Sharon’s role was not to shatter their fragile shield but to gently peel back its layers. She explained that hospice was a co-pilot, not the grim reaper at the controls. Hospice would journey alongside them, managing symptoms, offering comfort, and navigating the turbulent emotional currents. The immediate crisis was Stella’s breathing—a ragged, desperate fight for air that terrified her family and exhausted her frail body. In Stella’s room, the air was thick with the labor of her lungs. Sharon administered liquid morphine, a small act of mercy to ease the drowning sensation. As the medicine took hold, a fragile peace descended.
Stella’s deepest fear wasn’t about her own suffering, but about the unspoken words, the unresolved distances. Her daughter was out of town, a physical separation that amplified the emotional chasm. “I need to talk to her,” Stella whispered, her voice a mere thread of sound. Sharon dialed the number, placing the phone to Stella’s ear. What followed was a conversation stripped of all pretense, a raw and beautiful exchange of love and farewell. Tears streamed down Stella’s face, but they were tears of release, not of despair. The daughter on the other end, her voice choked with sorrow, found the courage to say goodbye. It was a sacrament of words, a final, holy communion across the miles.

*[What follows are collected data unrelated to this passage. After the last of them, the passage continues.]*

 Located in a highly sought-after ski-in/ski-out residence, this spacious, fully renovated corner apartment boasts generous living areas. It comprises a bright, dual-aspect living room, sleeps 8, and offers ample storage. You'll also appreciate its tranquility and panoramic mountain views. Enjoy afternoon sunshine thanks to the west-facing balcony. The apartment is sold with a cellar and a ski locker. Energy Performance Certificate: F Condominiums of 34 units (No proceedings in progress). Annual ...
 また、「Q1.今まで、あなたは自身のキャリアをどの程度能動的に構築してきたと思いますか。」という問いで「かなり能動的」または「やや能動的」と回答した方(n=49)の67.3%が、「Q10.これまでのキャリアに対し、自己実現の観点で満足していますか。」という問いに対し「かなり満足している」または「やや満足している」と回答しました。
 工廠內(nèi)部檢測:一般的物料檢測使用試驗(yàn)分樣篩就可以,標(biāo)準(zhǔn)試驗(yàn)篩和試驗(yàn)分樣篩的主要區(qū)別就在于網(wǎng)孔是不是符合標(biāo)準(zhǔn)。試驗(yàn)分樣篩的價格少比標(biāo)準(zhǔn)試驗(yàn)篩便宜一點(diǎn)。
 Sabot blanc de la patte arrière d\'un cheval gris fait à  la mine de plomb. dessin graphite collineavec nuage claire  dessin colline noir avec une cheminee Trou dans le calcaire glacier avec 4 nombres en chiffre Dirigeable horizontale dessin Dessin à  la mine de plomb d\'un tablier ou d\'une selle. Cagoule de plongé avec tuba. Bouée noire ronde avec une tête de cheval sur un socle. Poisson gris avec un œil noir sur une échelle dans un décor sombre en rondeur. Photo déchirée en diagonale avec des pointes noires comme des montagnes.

Having found her peace, Stella drifted into a deep sleep. The family, witnessing the calm that had settled over her, finally began to let go. Their denial softened into a tender, sorrowful acceptance. They kept vigil through the night, their presence a silent blanket of love. Stella died the next morning, her final journey embarked upon not in fear, but in the gentle embrace of her family’s love and the peace of a heart made whole. Death, in its own time, had arrived not as an enemy, but as a quiet, inevitable guest.
Beyond the Threshold
Sharon and I posit that every being has a unique energetic signature, a specific spectrum of frequencies at which their life force resonates. As death approaches, these frequencies begin to shift. Sometimes, this shift is met with resistance not from the dying, but from their loved ones. Sharon, as the midwife of the soul, was also the spiritual equivalent of an electrician at the edge of our known universe, ensuring a smooth and graceful transfer of power as one precious light goes out, and sacred human energy returns to the cosmic whole.

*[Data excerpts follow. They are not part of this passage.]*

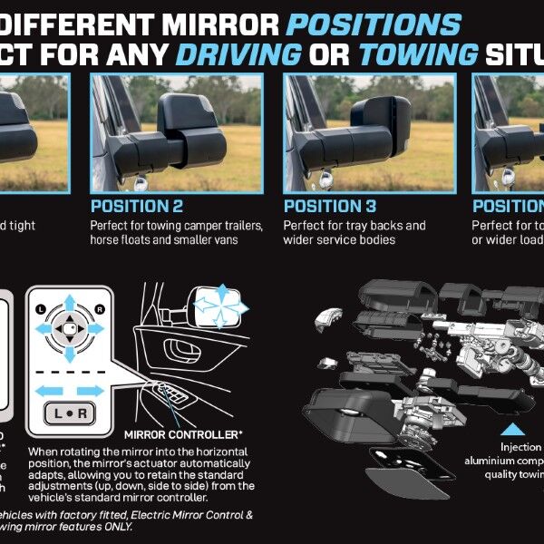The large single mirror lens creates less confusion and enhanced safety while driving. The four, easily adjustable positions, provide greater vision, with less vibration to any towing situation, while maintaining ADR compliance and safety. When the mirror is rotated into the horizontal position, the mirror’s actuator automatically adapts, allowing for standard adjustments (up, down, side to side) from the vehicle’s standard mirror controller. This caters to drivers of differing height and seated positions.
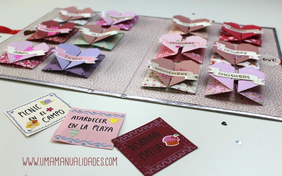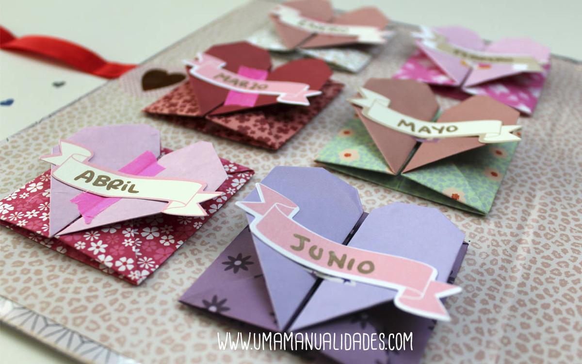 La presentación además es muy llamativa porque son sobres de origami en forma de corazón que al abrir contienen sorpresas, y si combinamos varios papeles en tonos rosados y rojos ¡quedará genial! ¿Creéis que esa persona especial será capaz de no abrirlos todos antes de tiempo?
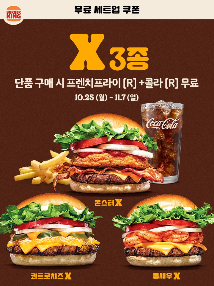 또한 몬스터X, 콰트로치트X, 통새우X 이렇게 3개의 스테이크 패티를 사용한 버거도 무료 세트업 쿠폰을 받을 수 있어요. 이 쿠폰은 지난주부터 뿌리던 것이어서 유효기간은 11월 7일(일)까지입니다.
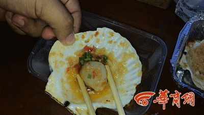 鲜活扇贝烤制出来后还有一个特点,就是比较肉质很有弹性,用筷子戳也不容易戳坏,而冷冻扇贝肉肉质很松散,筷子一戳就烂了。
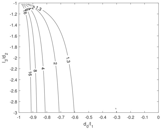 Oscillations are only possible when , thus the initial reduced velocity at which galloping oscillations are expected is recovered . As increases for larger values of (see Equation (14)), the initial reduced velocity where galloping starts is reduced as is increased. Noteworthy, for high enough negative values of , takes a negative value and galloping is avoided, which are interesting results from the practical side when the interest is to protect a structural element against Transverse Galloping.
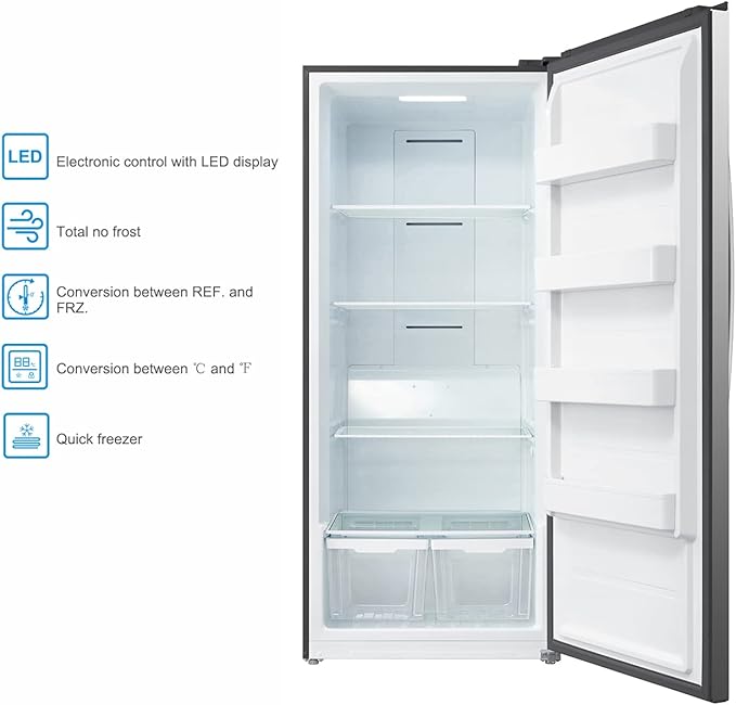 - [Convertible Upright Freezer/Refrigerator] This stand up freezer makes it easily and quickly to switch between refrigerator and freezer modes as needed. Temperature range: FRZ. -11° F - 10° F (-12° C - -24° C), REF. 35° F - 46° F (2° C - 8° C)

In witnessing these lives—these unique traversals of the ultimate threshold—I am left with a singular, resounding truth. Death is not a failure of genetics, lifestyle, or medicine. It is the final, crowning achievement of a life fully lived. It is a process as active, as demanding, and as sacred as birth. Whether through the vibration of a harp, the petals of a rose, the planting of a garden, or the rubbing of a stone, the human spirit finds its way. We are all rivers trembling before the sea, but as Floyd and the others taught Sharon, and now, myself, the ocean is not the end. It is the beginning of a wholeness we can only imagine.
Sharon wrote the absolutely wonderful, emotional, and spiritually uplifting book “Whose Death is it Anyway, A Hospice Nurse Remembers” and had it published in 2014. These vignettes are all derived from that master work of the heart.
Whose birth was it anyway?
It was all of ours.
Whose death is it, anyway?
It is all of ours.
Be prepared for the 2nd most important day of life.